Lors de son discours de la Sorbonne le 26 septembre 2017, Emmanuel Macron a également appelé à utiliser l’opportunité du Brexit pour mettre en place des listes transnationales pour les élections européennes de 2019. Pour lui, ces listes doivent permettre de construire un “espace démocratique inachevé” en donnant la possibilité aux Européens de voter “pour un projet cohérent et commun” .

Quels en seraient les bénéfices ?

Dans une tribune publiée dans le Monde le 17 novembre 2017, les ministres français, italien et espagnol en charge des Affaires européennes affirment que ces listes pourraient amorcer la création d’un espace politique européen. Elles créeraient “une agora européenne” en portant à l’échelle continentale les débats. Selon Charles de Marcilly, l’idée est que sur certains sujets “les listes répondent à des logiques politiques” européennes plutôt qu’à des logiques nationales. Le but est que le débat “dépasse les frontières géographiques” .

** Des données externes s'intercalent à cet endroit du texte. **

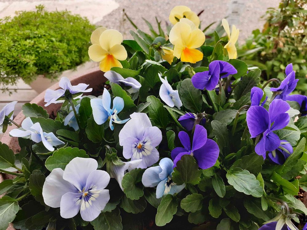 路地栽培 善財ファームさんのビオラ💛💙💜3色植え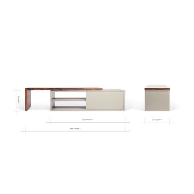 TV stolek MoveRohový, v dekoru ořechu, z dřevotřísky, povrchová úprava: dýha/povrchová úprava: barva, matný, šedý/v přírodní barvě, šířka 110 cm, výška 32 cm, hloubka 41 cm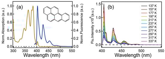 (a) Normalized steady-state absorption and fluorescence emission spectra of benzo[a]pyrene in acetonitrile. (b) Temperature-dependent emission spectra of benzo[a]pyrene in 2-MeTHF under air-saturated condition.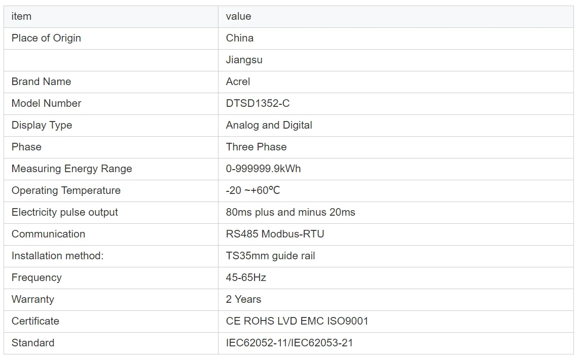 DDS/DDSD/DTSD series electronic energy meter is a new generation electric energy meter introduced by Acrel Electric. This series of energy meters use LCD display. The meters have power pulse output and can set parameters(such as clock, rate period and so on) except DDS1352; RS485 communication interface can be used to exchange data with the host computer, which greatly facilitates electricity automation management. This series of electric energy meters have the advantages of small size, high precision, good reliability and convenient installation. The products meet the requirements of national standard GB, T17215.321-2008 and enterprise standard Q31/0114000129C035-2017 " Enterprise Standard for Din Rail Energy Meter".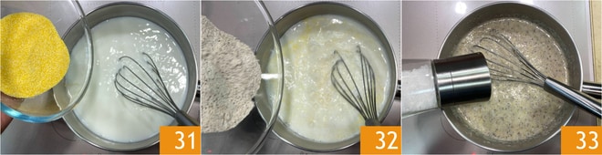 At the end of cooking, turn off the heat and finish with the unsweetened cocoa 28, stirring well to combine. For the buckwheat polenta, pour the water 29 and milk 30 into a saucepan, then bring to a boil.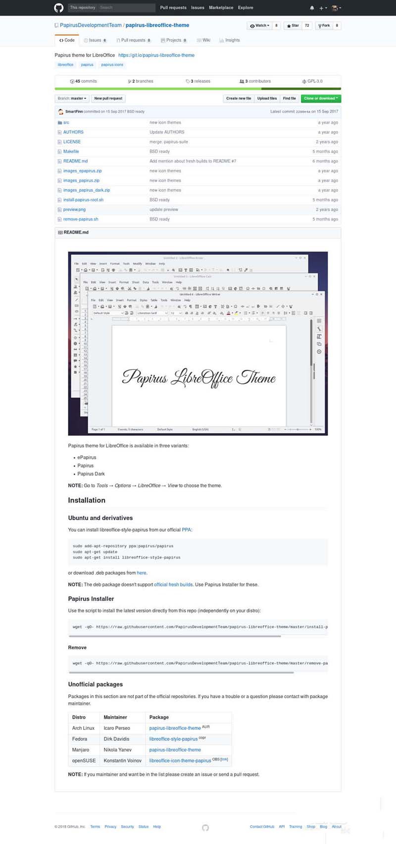 5、你也可以在互联网上找到其它主题。Github上也有不少关于图标、主题之类的软件项目。下图则是"Papirus theme for LibreOffice"项目的页面。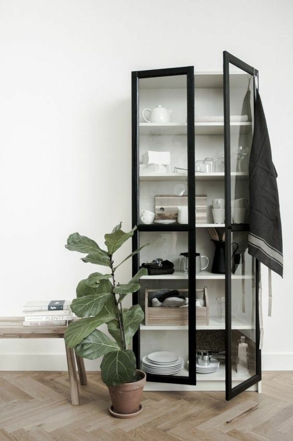 En helt vit hylla kanske kan kännas lite väl enkel ibland. Till Billy går det att köpa till dörrar och om du passar på att måla dem i sobert svart får du direkt en helt ny bokhylla. I den här utformningen passar hyllan dessutom perfekt i köket eftersom den påminner om ett gammeldags serveringsskåp.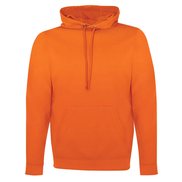 9.3-oz, 100% anti-static performance polyester fleece. 3-panel unlined hood with drawstring. Moisture wicking. Breathable. Flat lock seams. Classic fit. Due to the nature of polyester, special care must be taken throughout the decoration process. Please refer to product size spec PDF file for more details.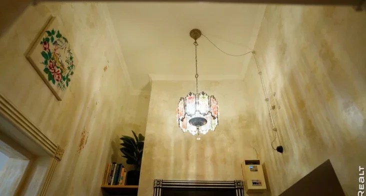 — Tak było z dekaratyŭnaj tynkoŭkaj. Ja pracavaŭ u tandemie ź dźviuma azdablalnicami. Praca karpatlivaja. Treščynki z załatoj žyłaj raspaŭźlisia pa ŭsioj płoščy. Heta, darečy, była samaja darahaja častka ramontu. Mienavita taki vid azdableńnia, jak pa mnie, upryhožvaje kvateru i padkreślivaje jaje ŭzrost. A pakolki dom z draŭlanymi pierakryćciami i ścieny tut pastajanna «hulajuć», źjaŭlajucca i naturalnyja ščyliny, jakija nie adroźniš ad stvoranych.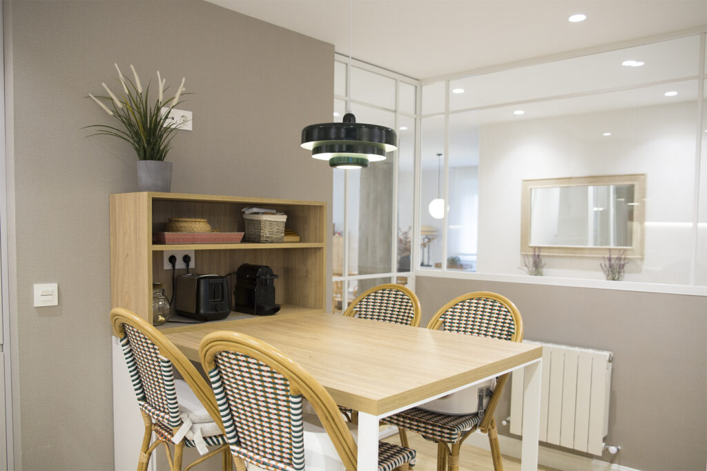 El objetivo fue claro desde el principio: crear espacios amplios y bien conectados, donde toda la familia pudiera estar cerca y compartir. Para conseguirlo, tiramos varios tabiques, cerramos una segunda puerta de servicio y eliminamos pasillos, lo que nos permitió ampliar los dos espacios principales: la cocina y el salón.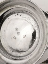 Tankard, Londra 1769, in argento, corpo decorato da stemma araldico tra volute vegetali, presa a doppia voluta, alt. cm 20,5, g 870, g 870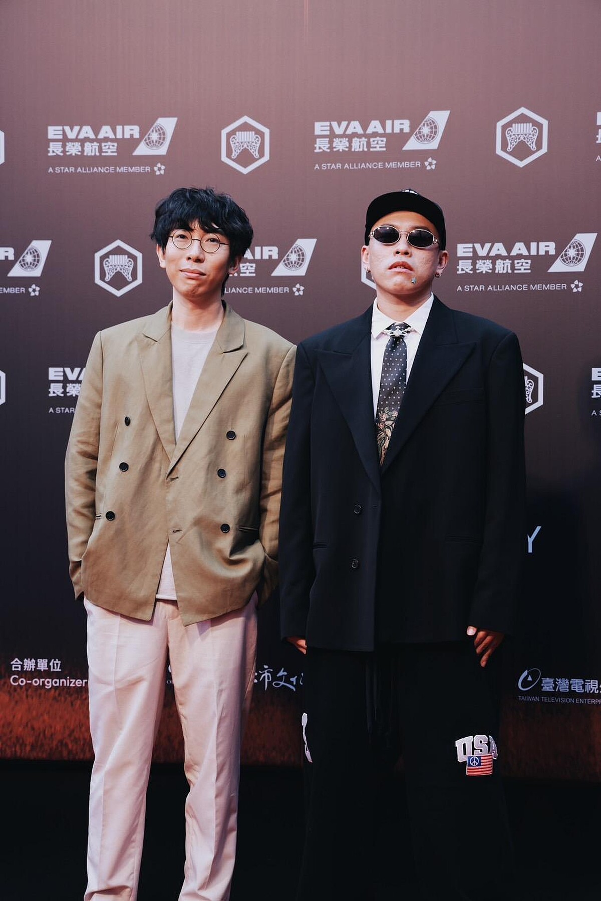 分別入圍最佳編曲人、最佳單曲製作人的張少瑜、海大富,一齊走上紅毯,張少瑜簡約的卡其色西裝穿出自然休閒的氛圍,海大富則完全是截然不同的風格,他把西裝融入街頭運動風,下巴上的星星痘痘貼意外搶眼!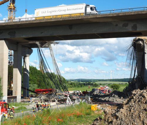 Schweinfurt – Für die Leute auf dem Bau war es eine Art GAU: 1500 Tonnen Beton hatten sie schon gegossen, um die Schraudenbach-Talbrücke auf der A 7 bei Werneck in Unterfranken ein Stück voranzubringen. Dann gab ein Joch des provisorischen Traggerüstes nach. 13 Menschen wurden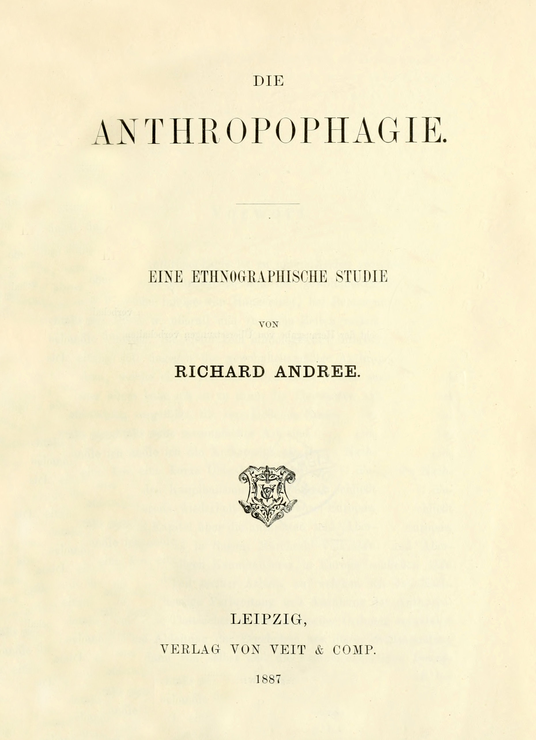 Bereits in den Mitteilungen des Vereins für Erdkunde zu Leipzig 1873 habe ich eine Abhandlung über die Verbreitung der Anthropophagie veröffentlicht, welche der nachstehenden Darstellung zu Grunde liegt. Seit jener Zeit hat sich der Stoff gehäuft, es sind nicht nur zahlreiche Belege, namentlich Afrika betreffend, hinzugekommen, sondern auch die Frage nach der prähistorischen Anthropophagie ist jetzt eingehender erörtert worden, als es nach dem damaligen Stande der Wissenschaft der Fall sein konnte. Da jene kleine Abhandlung oft verlangt wurde und an einem weniger zugängigen Orte sich befindet, so habe ich mich entschlossen, dieselbe in ausführlicherer und mit den neuesten Ergebnissen der Wissenschaft vermehrter Form hier wieder zu veröffentlichen.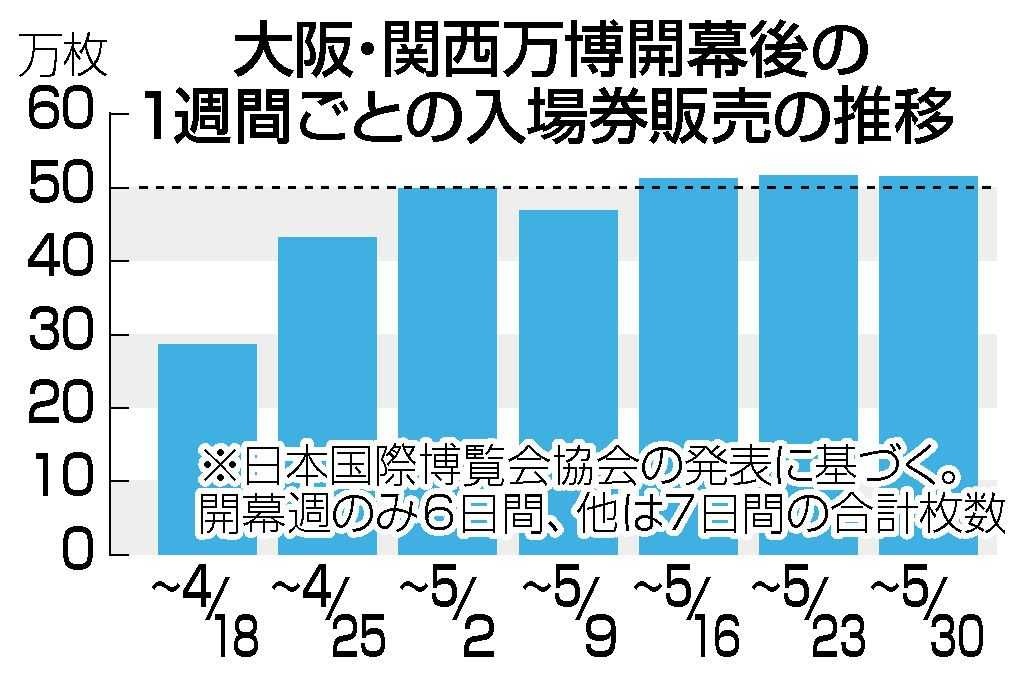 >大阪・関西万博の入場券売り上げが好調だ。1週間当たりの販売枚数は5月中旬以降、3週連続で50万枚を上回っており、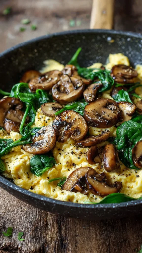 Mushroom Spinach Scrambled Eggs are a quick and easy meal perfect for breakfast or brunch. This recipe is packed with nutrients from the fresh spinach and mushrooms, making it a healthy choice. Plus, it’s simple to make and can be enjoyed in just a few minutes. Whether you’re cooking for yourself or for a group, these scrambled eggs are sure to please.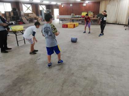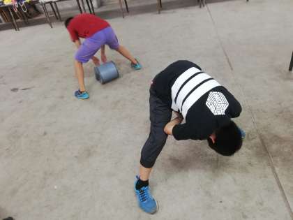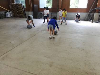 回転容器の転がしは楽しい作業で、思い思いの方法で転がしていました。

Les auteurs de la tribune soutiennent aussi qu’en plaçant les débats au niveau européen, chaque citoyen de l’UE pourrait bénéficier de points de vue étrangers. Cette plus grande diversité d’idées permettrait de mieux se connaître et de renforcer la cohésion européenne.

Dans son rapport sur la composition du Parlement européen, l’ancien député Andrew Duff expliquait en outre que l’espace politique européen a besoin de partis politiques européens forts. M. Duff plaidait donc pour l’attribution de sièges à une circonscription unique, afin de donner plus de poids politique à ces partis. Ce sont ces derniers qui organiseraient les listes et feraient campagne dans toute l’Union.

Quelles en seraient les limites et les obstacles ?

Adopter des listes transnationales pour les élections européennes s’avère toutefois être un projet difficile à mettre en œuvre. En effet, un changement du traité de Lisbonne pourrait être nécessaire à la création de telles listes, entrainant une procédure longue et complexe passant par des ratifications nationales. Par conséquent, tous les Etats membres ne soutiennent pas ce projet.

A cet égard, le groupe de Visegrád (Pologne, Hongrie, République tchèque et Slovaquie) rejette les listes transnationales. Selon les quatre pays, les questions institutionnelles doivent être réglées “en pleine conformité avec les traités et ne devraient pas saper l’équilibre actuel” entre les institutions européennes et les Etats membres.

De plus, la mise en œuvre d’une circonscription européenne peut s’avérer complexe. La composition des listes, par exemple, nécessite de répartir équitablement les candidats de différentes nationalités, dont certains ne seront pas éligibles en raison de leur position sur la liste. De plus, l’organisation du scrutin se heurte à la multiplicité des lois électorales nationales, notamment sur les questions de financement des campagnes.

Les opposants à ces listes paneuropéennes, dont les partis eurosceptiques ou bien certains membres du Parti populaire européen comme le Portugais Paulo Rangel, soutiennent par ailleurs, qu’elles vont accentuer la distance entre les députés européens et leurs attaches locales, créant des élus “hors-sol” . Ce qui accentuerait “l’éloignement” entre députés européens et citoyens.

Certains craignent, en outre, que l’existence de parlementaires élus sur une liste transnationale crée une hiérarchisation entre les députés provenant de listes nationales et ceux de listes paneuropéennes. Ces derniers formant, ainsi, une élite au sein du Parlement européen reléguant les eurodéputés provenant de circonscriptions nationales à un rang inférieur.

Quel avenir pour les listes transnationales ?

Le 7 février 2018, réuni en session plénière, le Parlement européen a rejeté la création de listes transnationales pour les élections européennes de 2019. Cette décision n’enterre toutefois pas définitivement le projet, qui demeure défendue par le gouvernement français. La constitution de telles listes pour le scrutin de 2024 n’est ainsi pas inenvisageable. A cet égard, le Conseil européen du 23 février 2018 a abordé cette question. Les Vingt-Sept ont “conven[u] de poursuivre la discussion, le travail technique et juridique, pour qu’en 2024 ces listes transnationales soient possibles” , a déclaré Emmanuel Macron à l’issue de la rencontre.